Central to every cluster algorithm is a metric for measuring distance (or similarity) between objects. Euclidean distance

$$\varvec{d}\left( {\varvec{x}_{1} ,\varvec{x}_{2} } \right) = \sqrt {\left\| {\varvec{x}_{1} } \right\|^{2} + \left\| { \varvec{x}_{2} } \right\|^{2} - 2\varvec{x}_{1}^{{\prime }} \varvec{x}_{2} }$$

is the default distance measure for most clustering algorithm, including the Self-organizing map and k-means. One limitation of the Euclidean distance is that it does not discriminate features which are present in one vector but absent in another vector [3], making it incapable of recognizing similarity of familial aggregation in epidemiological sense. For example, we have 3 families (a, b and c) and each family is represented by a 4-dimensional familial aggregation vectors featuring 4 cancers:

$$\begin{aligned} a & = \left( {0, 0.1, 0.1, 0} \right) \\ b & = \left( {0.1, 0, 0, 0.1} \right) \\ c & = \left( {0.1, 0.2, 0.2, 0.1} \right) \\ \end{aligned}$$

There is no common aggregating cancer between family a and family b, but there are two common aggregating cancers between family a and family c. In terms of familial aggregation, families sharing no common aggregating cancers should not be considered similar. Therefore, family a should be more similar to family c than family b, but Euclidean distance delivers count-intuitive result, d(a,b) = 0.2 and d(a,c) = 0.2, indicating that family a is equally similar to family b and family c.

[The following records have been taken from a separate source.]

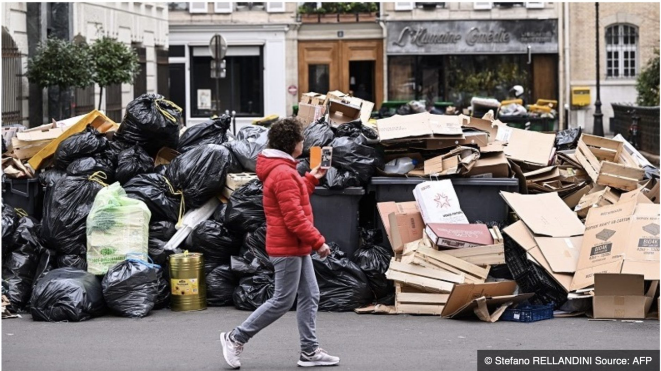
Les déchets s'accumulent à Paris en raison de la grève des éboueurs.

Le cas @annesouyris n'est malheureusement pas unique dans l'équipe de dangereux branquignols autour d' @Anne_Hidalgo à la mairie de @Paris ... ☐☐ https://t.co/mxxhdnLY1S
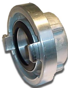
Tuerca Storz Hilo Interior
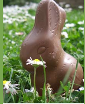
TIPS VOOR EEN VROLIJK PASEN
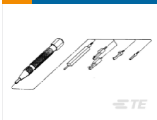
TE 产品编号265871-8 PIN REPLACEMENT TOOL
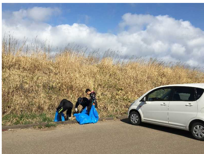
子供から大人まで約30人の地域の方々が清掃に参加しました。 (国道228号沿い榎川駐車場の清掃の様子)
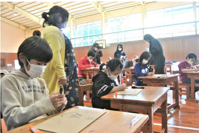
最初はちょっと迷いながら…
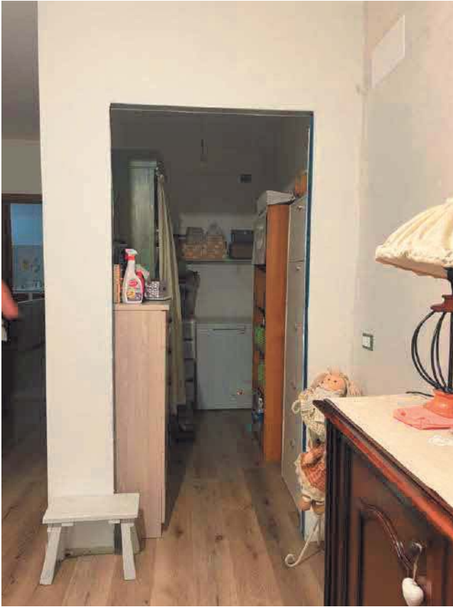
Figura 9. LOTTO UNICO: Immobile pignorato al F. 57, P.IIa 2660, Sub. 3 ubicato in San Giovanni Rotondo alla Via E. Mandes n. 25 (ripostiglio).
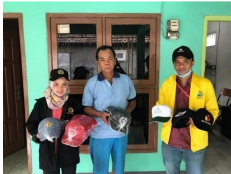
Gambar 4. UMKM Topi Desa Punggul
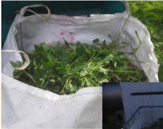
La matière première
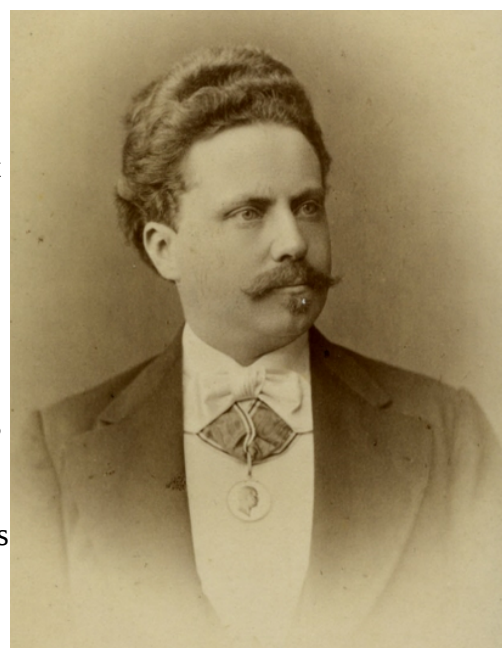
Ladislav Weinek 1

Si les générations futures se souviendront de moi, ce sera sans doute pour mes travaux séléno-graphiques; mais l'événement qui a marqué toute ma carrière, et que je me remémore toujours avec une profonde nostalgie, c'est le voyage que je fis aux antipodes, voilà près de 37 ans, pour observer le passage de Vénus devant le Soleil. A force de revivre cette expédition par la pensée, pour tenter de retrouver, pour les analyser, toutes les sensations et émotions qui s'attachèrent à chacune de ses étapes, feuilletant à l'occasion mes blocs à dessin de l'époque, j'en ai gardé un souvenir aussi précis que si elle avait eu lieu l'an dernier.
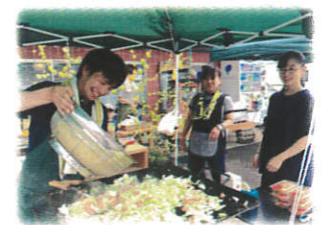
夏祭りにて焼きそばを焼く

「近隣大家族」では、今年も沢山の温かいつながりが生まれました。誰かの笑顔に力を貰えるように、あなたの笑顔もきっと誰かの力になります。笑顔のバトンをつなぎましょう!
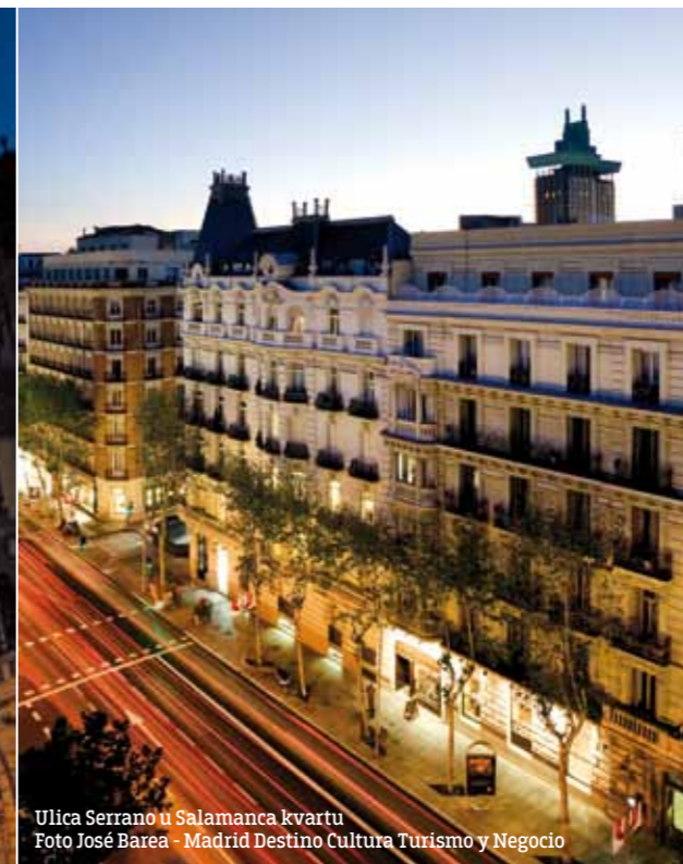
Ulica Serrano u Salamanca kvartu
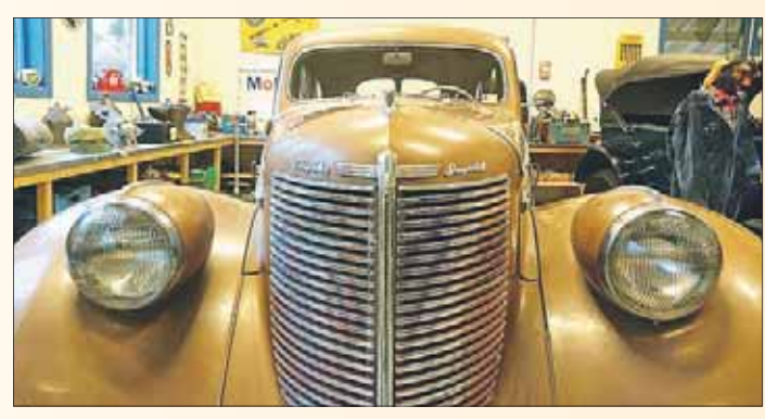
Solche Schönheiten gibt es zu entdecken.
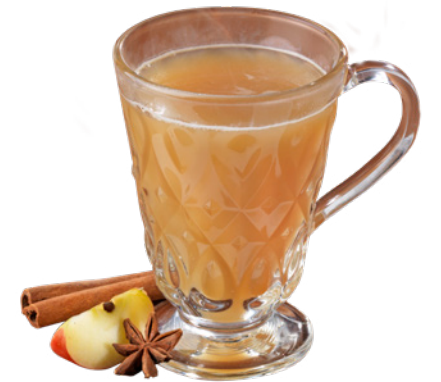
Jus de pomme chaud aux épices Hot spiced apple juice 5 €
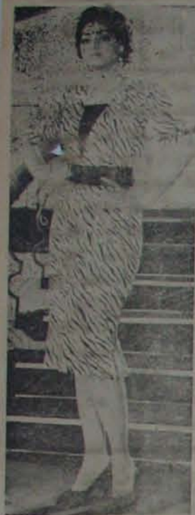
సాగనుకు ఉపమానం తానేనంటుంది

To overcome limitations of the Euclidean distance, we adopted the extended Jaccard distance [3] as an alternative.

$$\varvec{d}\left( {\varvec{x}_{1} ,\varvec{x}_{2} } \right) = 1 - \frac{{\varvec{x}_{1}^{{\prime }} \varvec{x}_{2} }}{{\left\| {\varvec{x}_{1} } \right\|^{2} + \left\| { \varvec{x}_{2} } \right\|^{2} - \varvec{x}_{1}^{{\prime }} \varvec{x}_{2} }}$$

It is bounded between 0 and 1 with 0 representing perfect match and 1 representing there is no similarity at all. The extended Jaccard distance overcomes limitation of the Euclidean distance by comparing features shared by both vectors against features present in just either one of the two vectors. As such, it will measure similarity of familial aggregation in a more epidemiological sensible manner, by comparing weights of aggregation cancers shared by two families against weights of cancers aggregating in just either one of two families, indicating that, d(a,b) = 1 and d(a,c) = 0.5, suggesting that family a is more similar to family c than family b.